Read further for more specific information about how The Rite of Spring and Café Müller contributes
to the following Achievement Standards:
Subjects & Standards
Dance
 The ‘dance theatre’ form was founded by Pina Bausch. The work is seminal in its development of
dance around the world, creating new ways to push the boundaries of dance and how audiences
interacted with dance.
AS90860 - 1.4
Demonstrate understanding of the elements of dance.
AS90005 - 1.6
Demonstrate knowledge of a dance genre or style.
AS91212 - 2.8
Demonstrate understanding of a dance genre or style in context.

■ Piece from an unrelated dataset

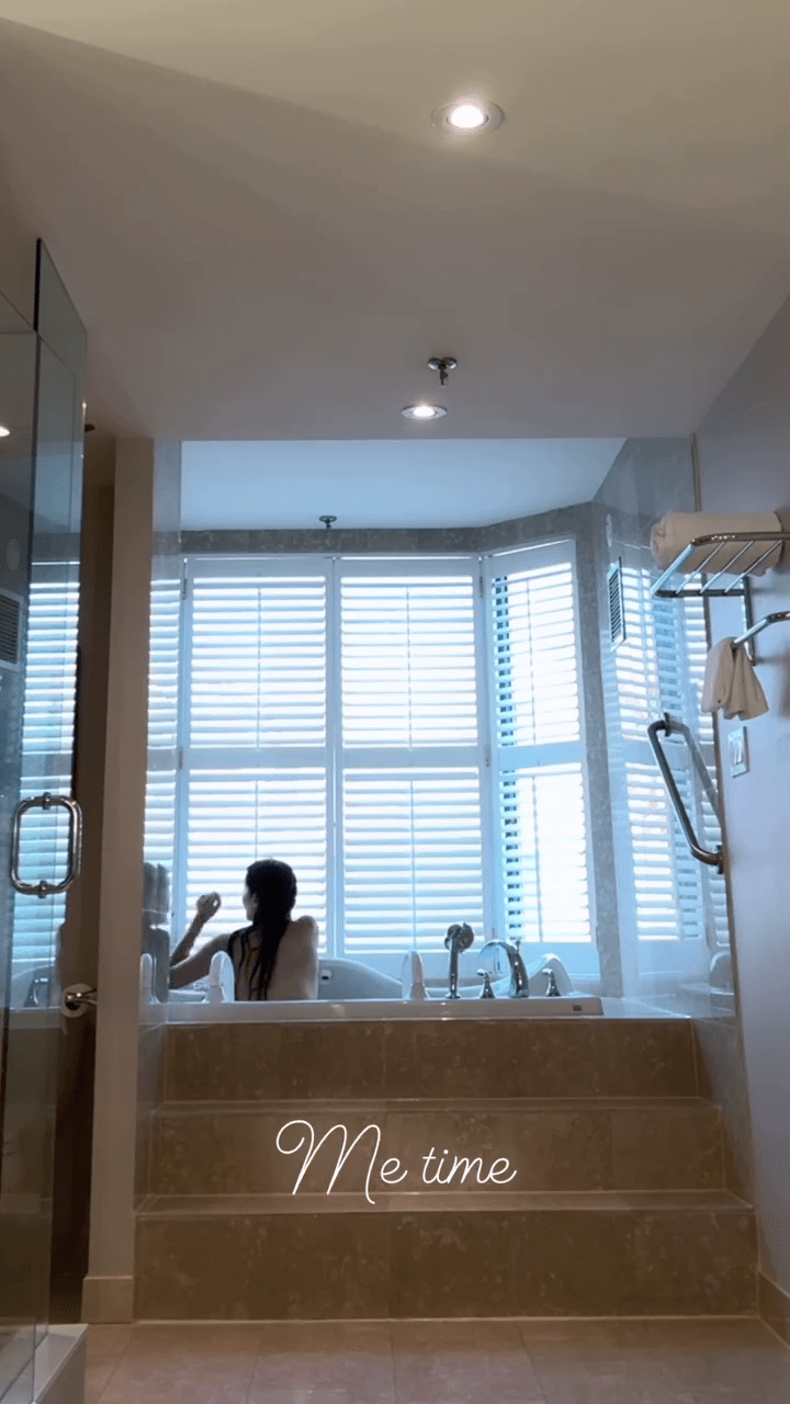 ▲周美欣到酒店出浴,大晒白滑玉背。

 Attending this show meets the following Achievement Standards of engaging with live dance.
AS90861 - 1.5
Demonstrate understanding of a dance performance.
AS91211 - 2.7
Provide an interpretation of a dance performance with supporting evidence.
AS91594 - 3.7
Analyse a dance performance.
Drama
 Attending this show meets the following Achievement Standards for students attending live
performance.
AS90011 - 1.7
Demonstrate understanding of the use of drama aspects within live performance.
AS91219 - 2.7
Discuss drama elements, techniques, conventions and technologies within live performance.
AS91518 - 3.7
Demonstrate understanding of live drama performance.

This show specifically entwines drama and dance, which in itself is a form of ‘dance theatre’.
Though this would normally be considered ‘dance’ it has a wider context in terms of theatre
form for drama students.
AS90998 - 1.3
Demonstrate understanding of features of a drama/theatre form.

Pina Bausch has enormous significance in the theatre world. Though she was a choreographer,
not a theatre director as such, her work, practice and methodology crosses genres and has
inspired (and continues to inspire) artists in many differing fields.
AS91516 - 3.5
Demonstrate understanding of the work of a drama or theatre theorist or practitioner.
Discussion questions – let’s talk!
These questions are a guide. They will be more appropriate for some ages than others. They are
designed to provoke further discussion.

What were the dance pieces about? Was there a story?

Could you relate to the pieces?

What were some of the thoughts you had as you watched it?

How did you feel watching?

Did you have a favourite of the two: The Rite of Spring or Café Müller – why?

How successful were the performers in keeping the audience engaged throughout the
performance?

How did the performers use their bodies to create different moods and characters within
the pieces?

Was there any stand-out performers for you? Why? What gave them presence? Discuss
what stage presence is, and how we achieve it.

What did you notice about staging, lighting, sound, music, costume and other production
elements?

How did the production elements support or enhance the performance?

Was there anything you didn’t like about the performances? Why?

Were there parts of the performances you feel you didn’t understand?

Were there parts of the performances that really grabbed you? Why?

These dance works were made in the 1970s, around 40 years ago. Thinking about what
dance performances were at that time, how do you think people reacted to this new form?

Can you find an example of another dance work (or film, theatre, art) that challenged its
audience?

How timeless do you really think these pieces are? Why?

How do you think the work of Pina Bausch has influenced dance and theatre makers over
time?

If you had to describe either of these pieces to a friend, what would you say?